CSC152 2005F, Class 35: Algorithm Analysis (3)
Overview:
* Sorry about problem in lab.
* Eryn wants to know why you don't visit her.
* Homework to be determined.
Admin:
* Review
* Detour: Counting deletions
* Lab discussion
* Recurrence relations
Review:
* Focusing on analyzing the running time of algorithms
* Big O analysis
* Puzzling mathematical notation
* The notation lets us ignore things (say that the "don't matter")
* Constant multipliers:
n^2 vs. n matters more than 2n vs 3n
n^2 will dominate d*n no matter what d we choose
* Lower order terms:
n^2 plus something smaller than n^2 is not much different
than n^2 for big enough n
* If two methods are both O(n^2), big O analysis does not provide a good technique for deciding which is faster.
* Experiments will help
* Big O notation: See real whiteboard (no photos available)

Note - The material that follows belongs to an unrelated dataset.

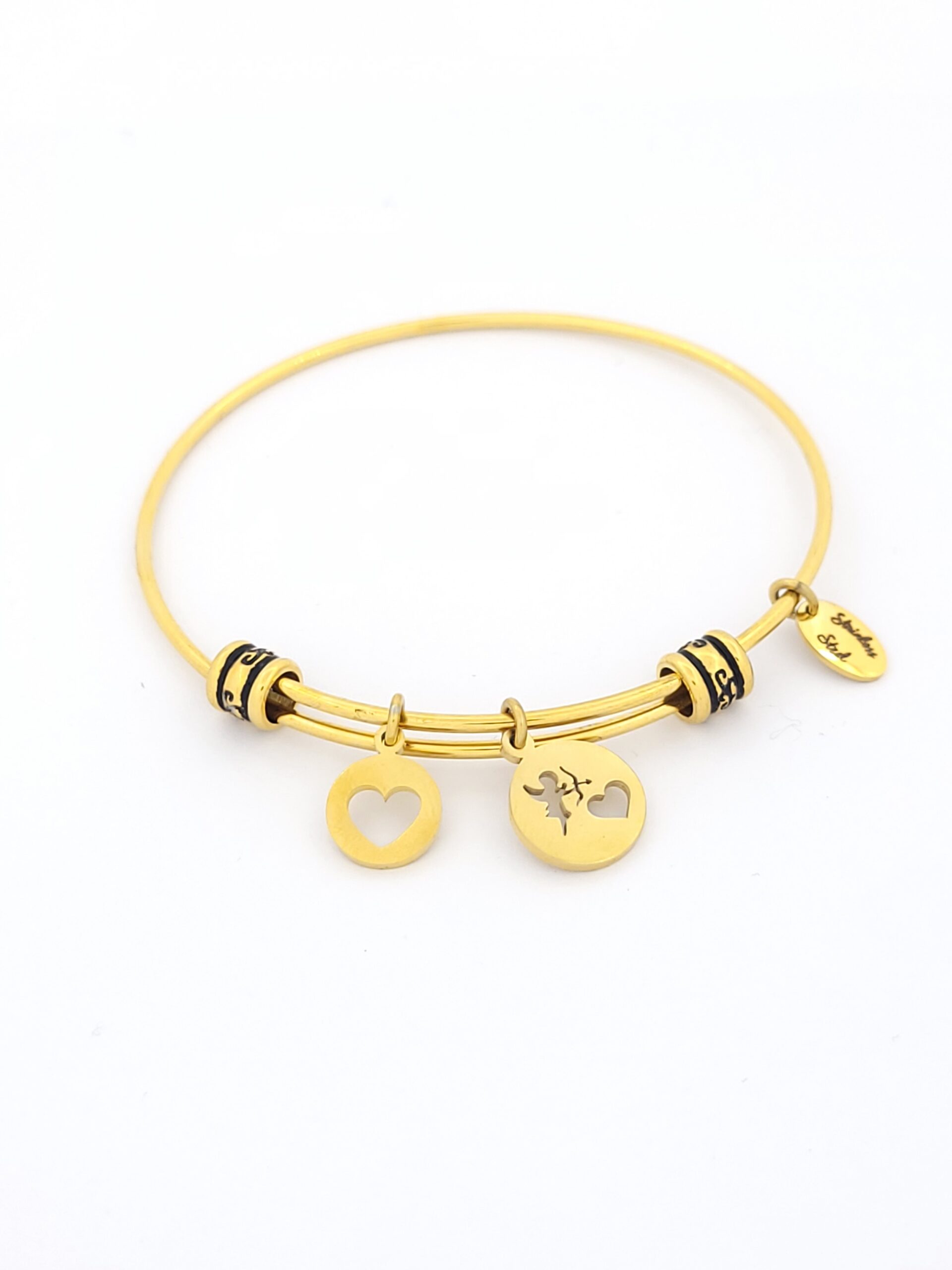 Ατσάλινη Επιχρυσωμένη Χειροπέδα Βραχιόλι Nataliegersa, Με Αγγελάκι Άγιο Βαλεντίνο Και Καρδιά κωδ.104833

* Use this to prove the things we expect/want
* Return to the notation in CSC301
Detour: Counting deletions
int len = stuff.size(); // O(1)
for (int i = 0; i < len; i++) { // O(len) or O(n) repetitions
stuff.remove(0); // O(n)
}
O(n) repetitions of an O(n) step is O(n^2)

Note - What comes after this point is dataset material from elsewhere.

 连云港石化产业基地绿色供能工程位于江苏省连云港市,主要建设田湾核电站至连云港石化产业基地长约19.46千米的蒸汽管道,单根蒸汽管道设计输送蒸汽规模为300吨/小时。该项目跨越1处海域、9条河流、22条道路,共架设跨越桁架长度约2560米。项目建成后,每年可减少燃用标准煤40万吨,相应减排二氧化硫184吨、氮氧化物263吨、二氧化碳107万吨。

Does it make a difference that we've said remove is O(n) when,
for many values, it's constant.
* We're bounding above, not bounding exactly, so it's okay.
* In real life (or at least computer life) is strive for a "close" upper bound
* Let's do the more careful analysis, only in terms of deletion
N + (N-1) + (N-2) + (N-3) + .... + 5 + 4 + 2 + 1
That sum has the value N(N+1)/2 is O(N^2)
Lab
For exptFor(x,n), what is the running time in terms of n?
+ O(n^2)
+ O(n) ****
BigDecimal result = new BigDecimal(1.0);
for (int i = 0; i < n ; i++) { // N repetitions
this.step();
result = result.multiply(x); // c steps
}
return result;
For exptWhile(x,n), what is the running time in terms of n?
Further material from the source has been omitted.